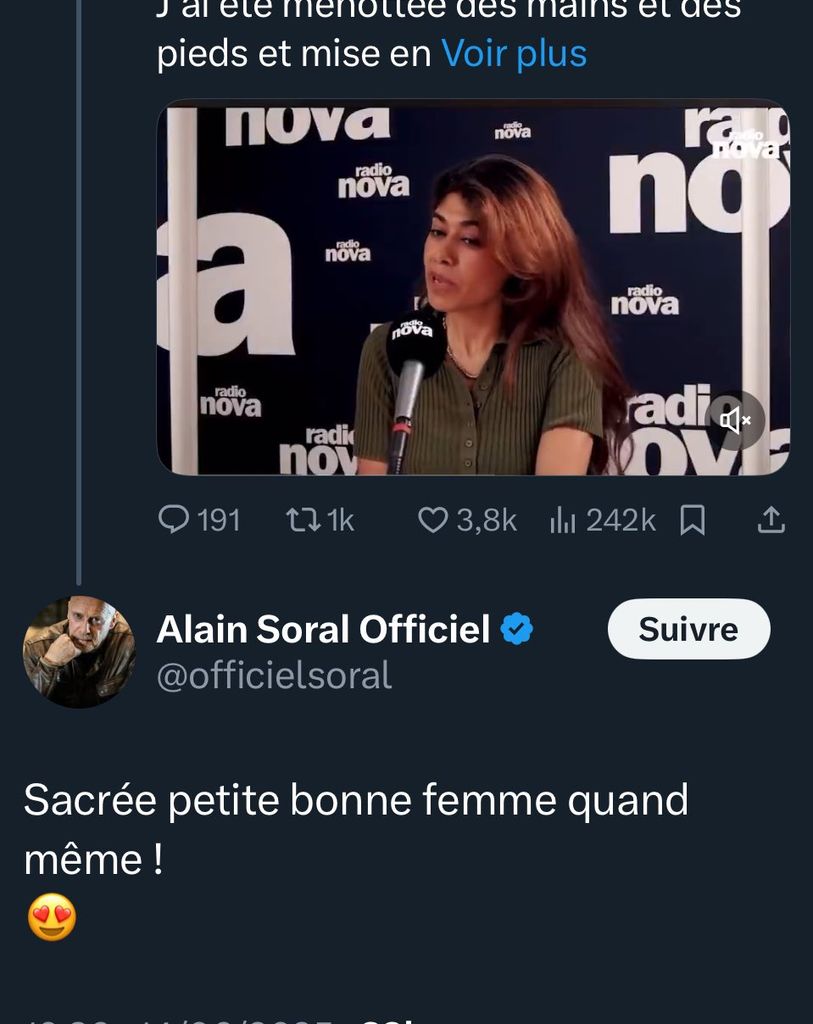 J'ai entendu cette journaliste ce matin sur CNews chez Praud, bon, jusque-là tout est normal, mais là chez Quotidien j'en suis sur le cul
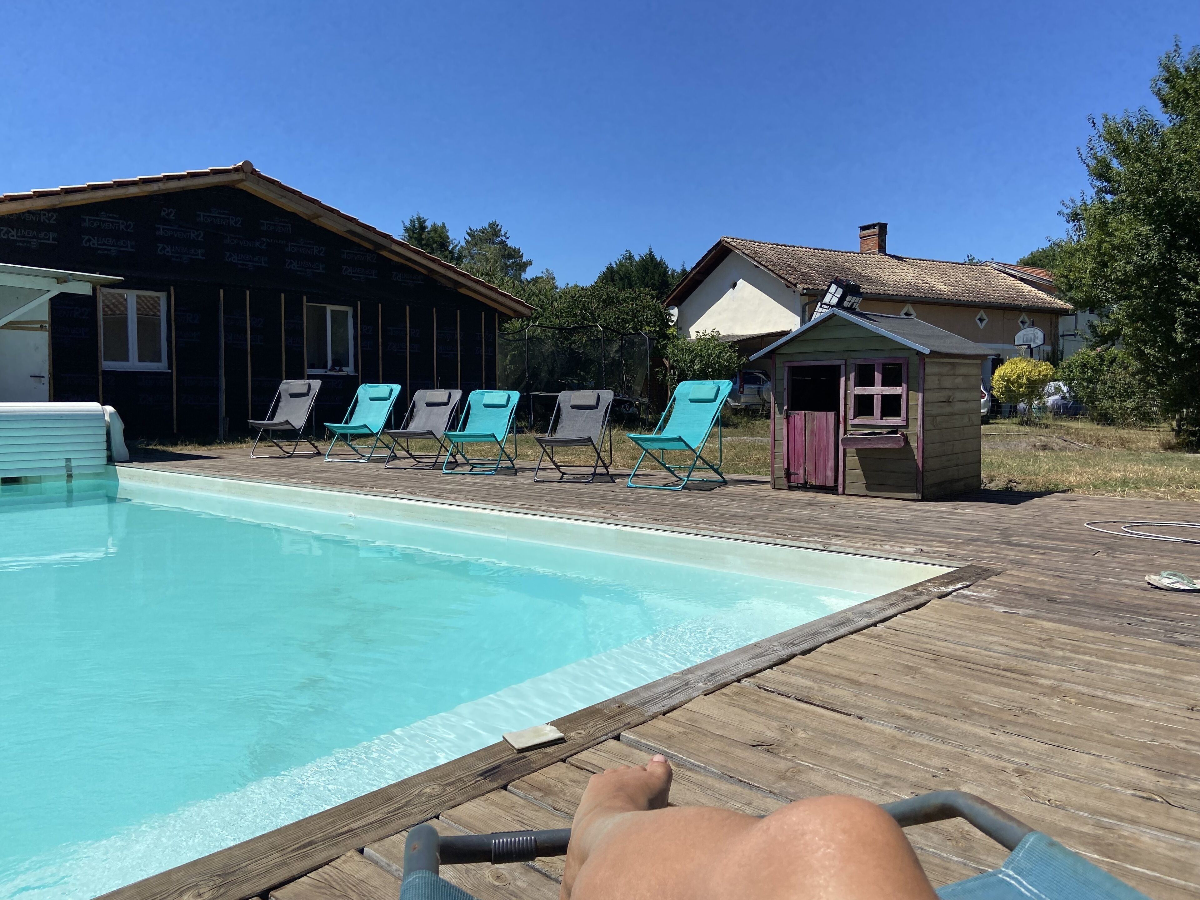 Villa for 4/5 people with 3 bedrooms on a 900m2 plot fenced in a small housing estate next to the forest. A large swimming pool of 10 by 5 M fully secure with games and sunbathing. One floor with bedroom and bathroom with shower. A ground floor with 2 bedrooms. A large living room of 50 meters facing south-west. A terrace with teak garden furniture with plancha and barbecue available.
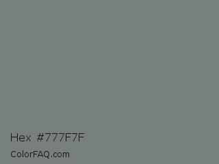 Hex #777f7f Color is a normal cyan color and the nearest color is Rolling Stone #747d83. Hex code #777f7f and RGB value is rgb(119,127,127). In RGB color space, this color is composed of 47% red, 50% green, 50% blue, In CMYK color space, this color is composed of 6% cyan, 0% magenta, 0% yellow , 50% black , In HSL color space, this color has a hue angle of 180° , 3% saturation and 48% lightness.
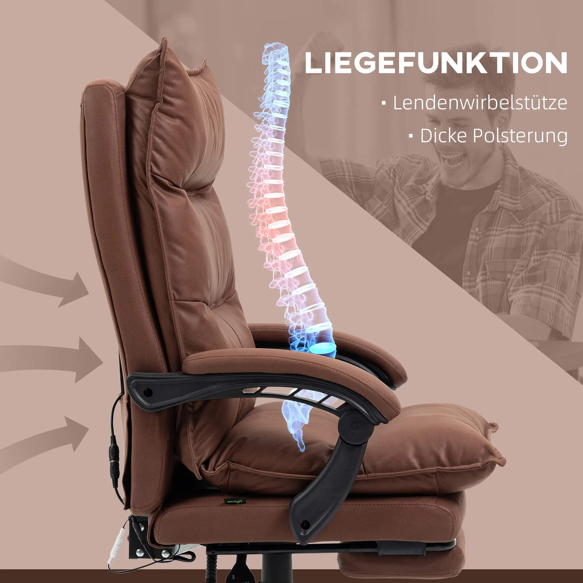Bürostuhl mit Massage- und Heizfunktion, Fußstütze, verstellbar, bis 120 kg, Braun
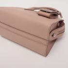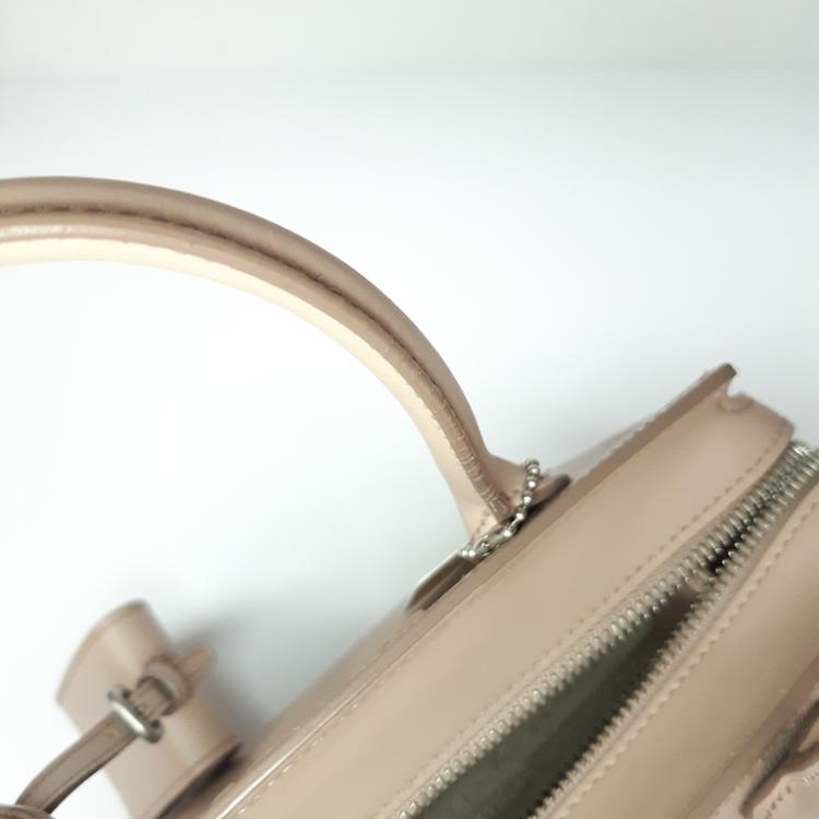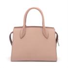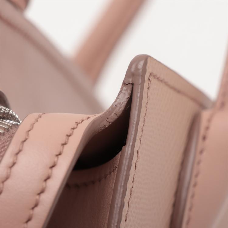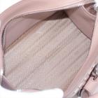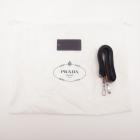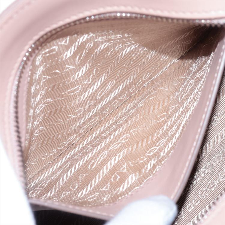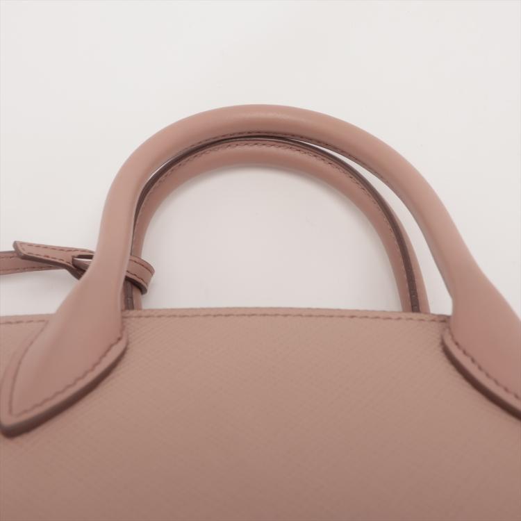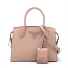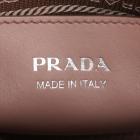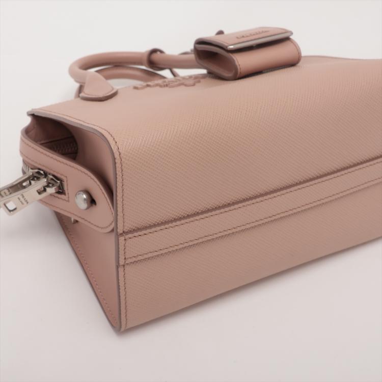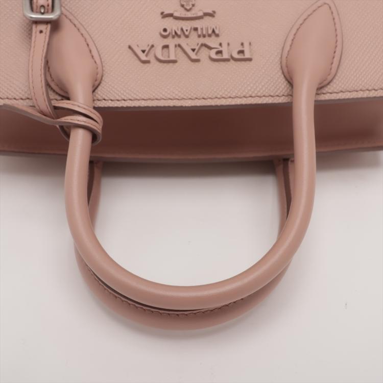 Prada Monochrome top handle bag in pink Saffiano leather. Featuring silver-toned hardware, double leather handles, matte pink logo detail at front, and detachable leather and woven shoulder straps. The zipper closure opens to a beige Prada-printed nylon interior with a patch pocket. Approximate dimensions: 22cm(L) x 15cm(H) x 12cm(D), handle drop 9cm, strap drop 52cm. Accompanied by dustbag and clochette pouch. With Entrupy Certificate of Authenticity. (Pre-owned)
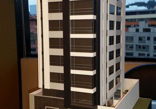 Edificio de 10 pisos con 24 departamentos y 1 local comercial.

########

## WORK TO COMPLETE
Give again, exactly as written above, every line from the one holding "Hex #777f7f Color" to the one holding "Bürostuhl mit Massage- und", with both ends kept and the pictures left out.

## RESPONSE TO THIS TASK
 Hex #777f7f Color is a normal cyan color and the nearest color is Rolling Stone #747d83. Hex code #777f7f and RGB value is rgb(119,127,127). In RGB color space, this color is composed of 47% red, 50% green, 50% blue, In CMYK color space, this color is composed of 6% cyan, 0% magenta, 0% yellow , 50% black , In HSL color space, this color has a hue angle of 180° , 3% saturation and 48% lightness.
Bürostuhl mit Massage- und Heizfunktion, Fußstütze, verstellbar, bis 120 kg, Braun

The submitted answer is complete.